When the listing below reaches the line that has "Este convite para", start reproducing exactly; stop after the line that has "Входная Дверь Рекс", and drop the pictures.

----- Given records -----

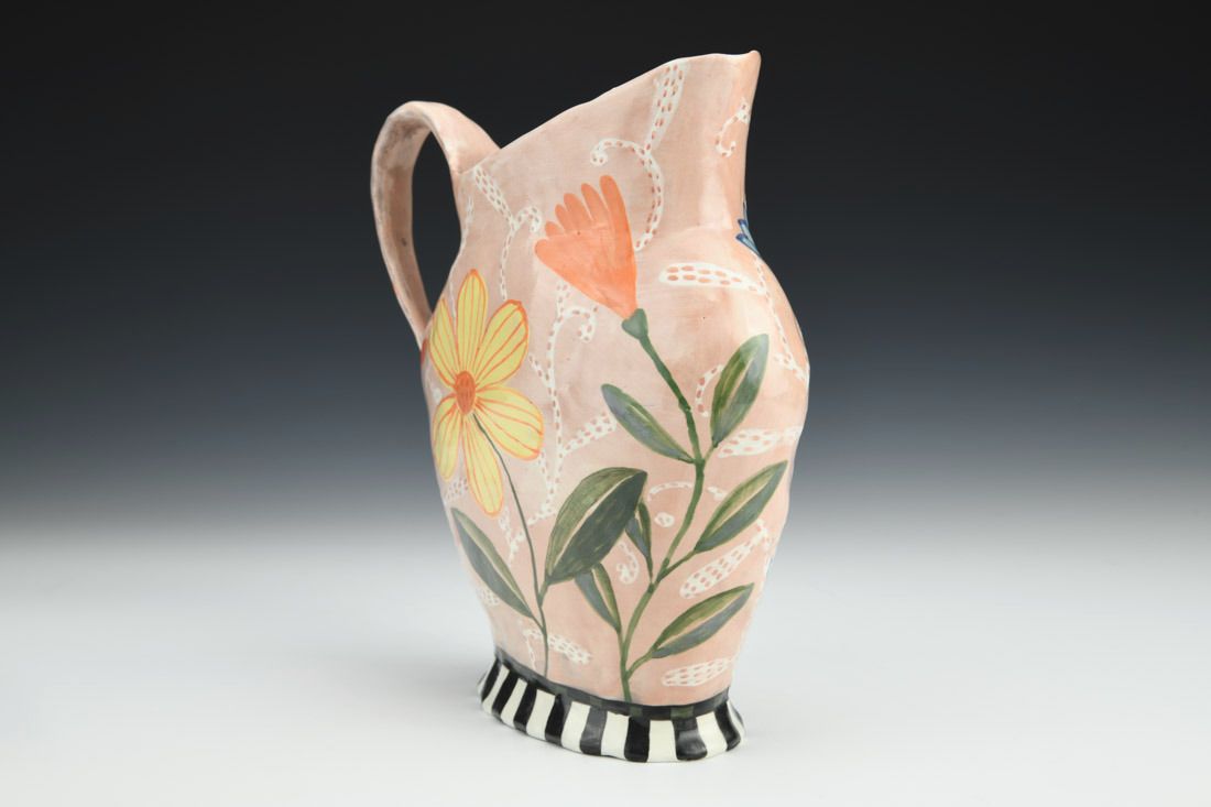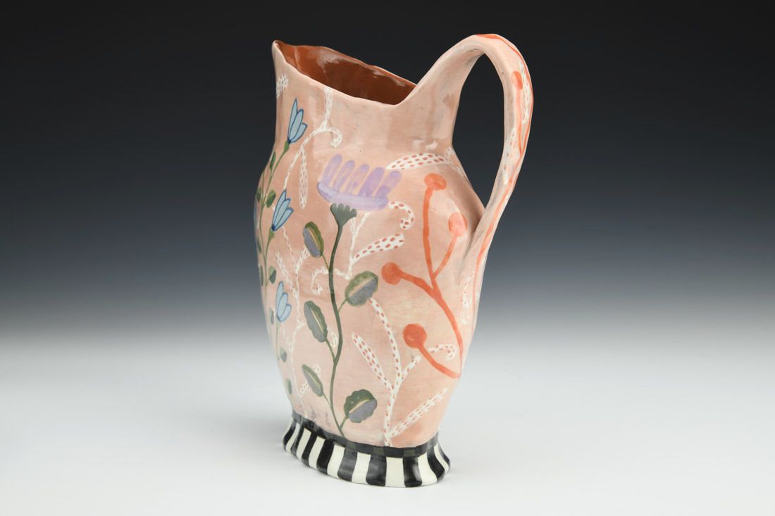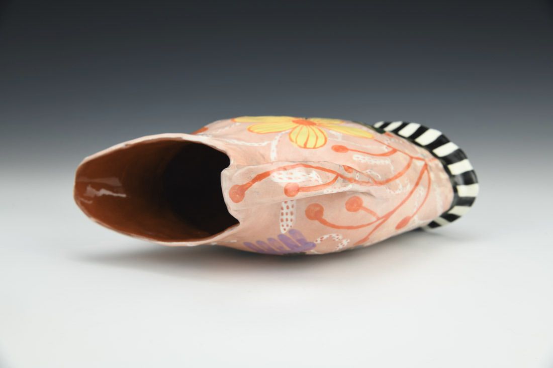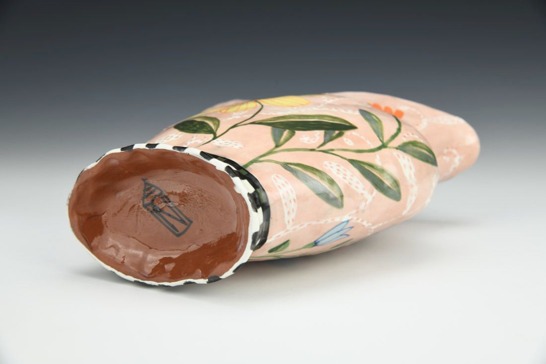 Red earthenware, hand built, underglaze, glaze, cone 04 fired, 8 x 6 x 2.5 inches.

-----
----- Given records -----

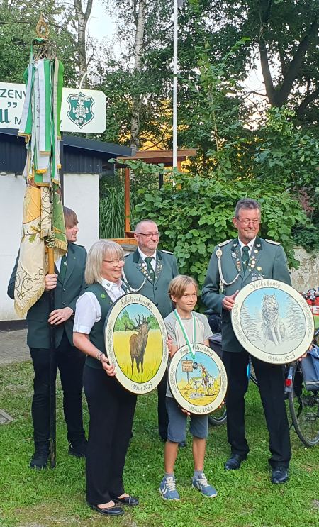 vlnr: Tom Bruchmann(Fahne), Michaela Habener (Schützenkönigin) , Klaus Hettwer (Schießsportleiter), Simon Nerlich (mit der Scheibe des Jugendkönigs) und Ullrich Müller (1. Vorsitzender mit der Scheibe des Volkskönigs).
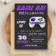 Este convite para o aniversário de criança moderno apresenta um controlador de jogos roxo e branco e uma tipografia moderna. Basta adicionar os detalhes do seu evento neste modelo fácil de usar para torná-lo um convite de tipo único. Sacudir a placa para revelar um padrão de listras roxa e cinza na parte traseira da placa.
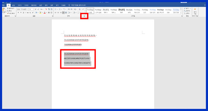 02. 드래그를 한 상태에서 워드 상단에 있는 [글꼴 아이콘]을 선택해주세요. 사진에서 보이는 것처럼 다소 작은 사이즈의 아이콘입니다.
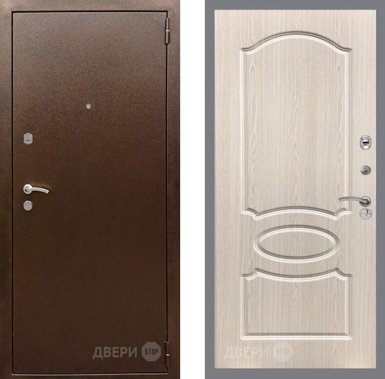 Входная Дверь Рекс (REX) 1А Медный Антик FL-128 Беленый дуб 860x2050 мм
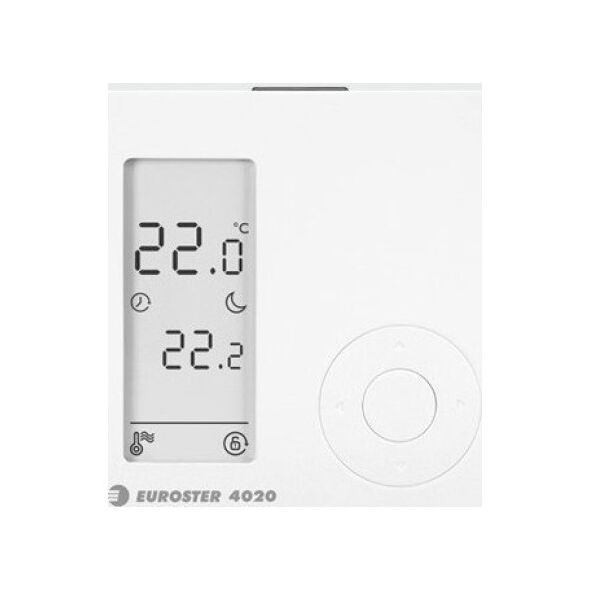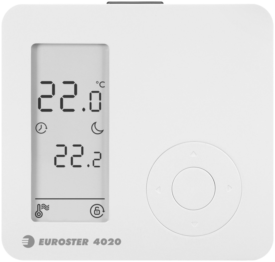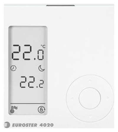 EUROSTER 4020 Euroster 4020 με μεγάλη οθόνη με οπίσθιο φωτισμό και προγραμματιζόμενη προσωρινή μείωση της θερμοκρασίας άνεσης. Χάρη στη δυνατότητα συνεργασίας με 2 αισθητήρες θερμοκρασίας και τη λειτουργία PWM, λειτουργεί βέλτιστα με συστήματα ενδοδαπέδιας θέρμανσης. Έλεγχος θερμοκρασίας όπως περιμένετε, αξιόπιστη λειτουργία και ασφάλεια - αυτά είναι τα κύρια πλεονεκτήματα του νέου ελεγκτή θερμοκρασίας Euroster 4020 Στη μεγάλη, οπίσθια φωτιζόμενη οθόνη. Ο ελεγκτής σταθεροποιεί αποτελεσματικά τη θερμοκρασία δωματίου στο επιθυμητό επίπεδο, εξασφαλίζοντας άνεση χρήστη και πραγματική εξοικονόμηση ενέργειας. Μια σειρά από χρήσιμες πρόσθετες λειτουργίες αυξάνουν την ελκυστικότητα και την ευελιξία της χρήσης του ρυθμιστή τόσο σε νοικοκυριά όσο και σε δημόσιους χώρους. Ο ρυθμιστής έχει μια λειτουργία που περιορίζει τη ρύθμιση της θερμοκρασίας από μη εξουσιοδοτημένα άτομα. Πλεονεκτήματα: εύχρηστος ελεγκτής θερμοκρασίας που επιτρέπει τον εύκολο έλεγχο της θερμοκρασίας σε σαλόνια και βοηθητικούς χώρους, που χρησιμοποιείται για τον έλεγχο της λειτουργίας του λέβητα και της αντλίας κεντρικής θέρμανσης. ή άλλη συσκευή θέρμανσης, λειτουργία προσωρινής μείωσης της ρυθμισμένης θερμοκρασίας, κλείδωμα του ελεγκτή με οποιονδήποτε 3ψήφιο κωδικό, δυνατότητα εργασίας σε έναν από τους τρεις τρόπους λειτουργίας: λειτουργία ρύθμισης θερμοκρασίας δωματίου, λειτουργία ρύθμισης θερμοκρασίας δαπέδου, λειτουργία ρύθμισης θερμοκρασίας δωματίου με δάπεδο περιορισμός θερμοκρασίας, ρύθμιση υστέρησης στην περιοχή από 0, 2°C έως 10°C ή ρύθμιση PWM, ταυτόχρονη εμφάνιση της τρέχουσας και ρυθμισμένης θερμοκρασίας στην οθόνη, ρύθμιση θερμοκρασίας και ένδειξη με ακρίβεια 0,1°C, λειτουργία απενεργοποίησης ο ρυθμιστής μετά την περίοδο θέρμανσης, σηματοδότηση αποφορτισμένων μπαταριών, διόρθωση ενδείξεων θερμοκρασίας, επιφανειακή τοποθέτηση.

-----
----- Given records -----

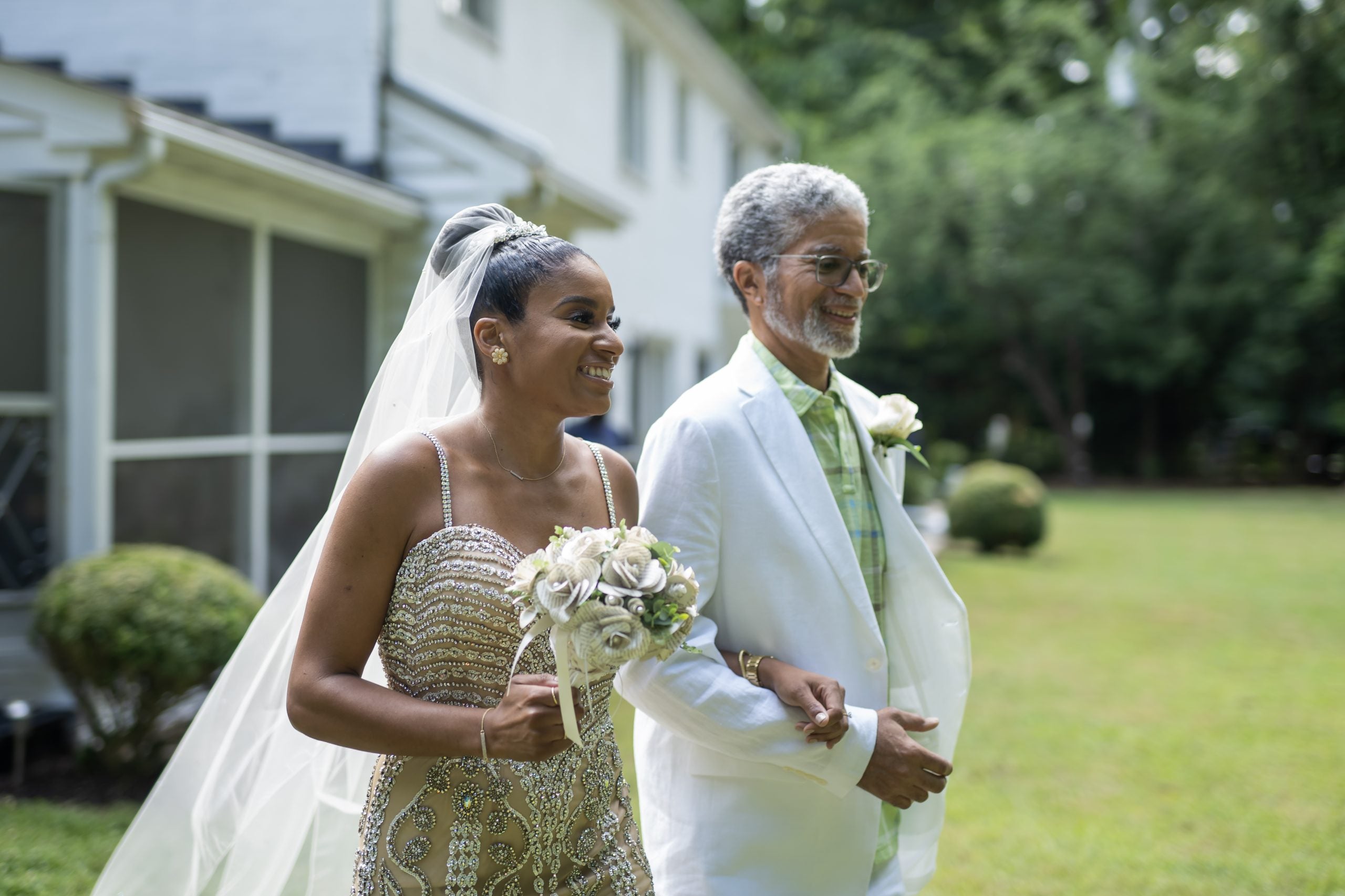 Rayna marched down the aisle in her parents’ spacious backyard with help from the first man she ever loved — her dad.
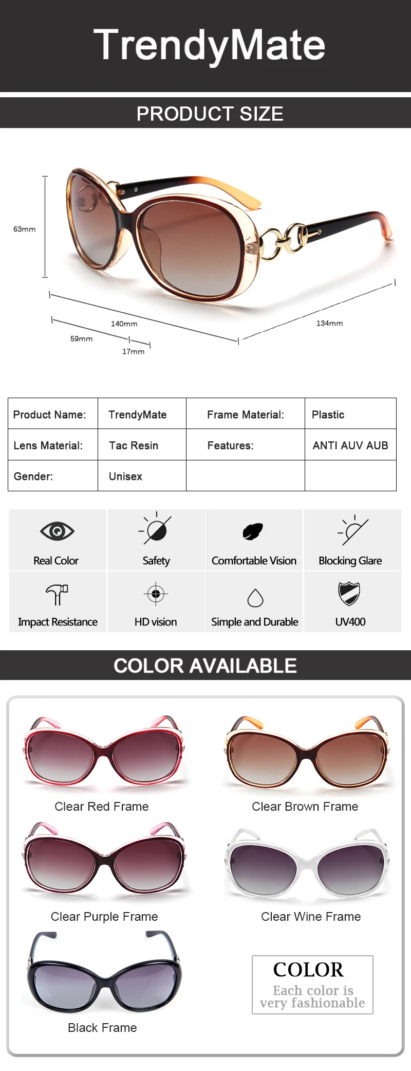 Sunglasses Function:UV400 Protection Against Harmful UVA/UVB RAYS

-----

* Exercise answer
 Este convite para o aniversário de criança moderno apresenta um controlador de jogos roxo e branco e uma tipografia moderna. Basta adicionar os detalhes do seu evento neste modelo fácil de usar para torná-lo um convite de tipo único. Sacudir a placa para revelar um padrão de listras roxa e cinza na parte traseira da placa.
 02. 드래그를 한 상태에서 워드 상단에 있는 [글꼴 아이콘]을 선택해주세요. 사진에서 보이는 것처럼 다소 작은 사이즈의 아이콘입니다.
 Входная Дверь Рекс (REX) 1А Медный Антик FL-128 Беленый дуб 860x2050 мм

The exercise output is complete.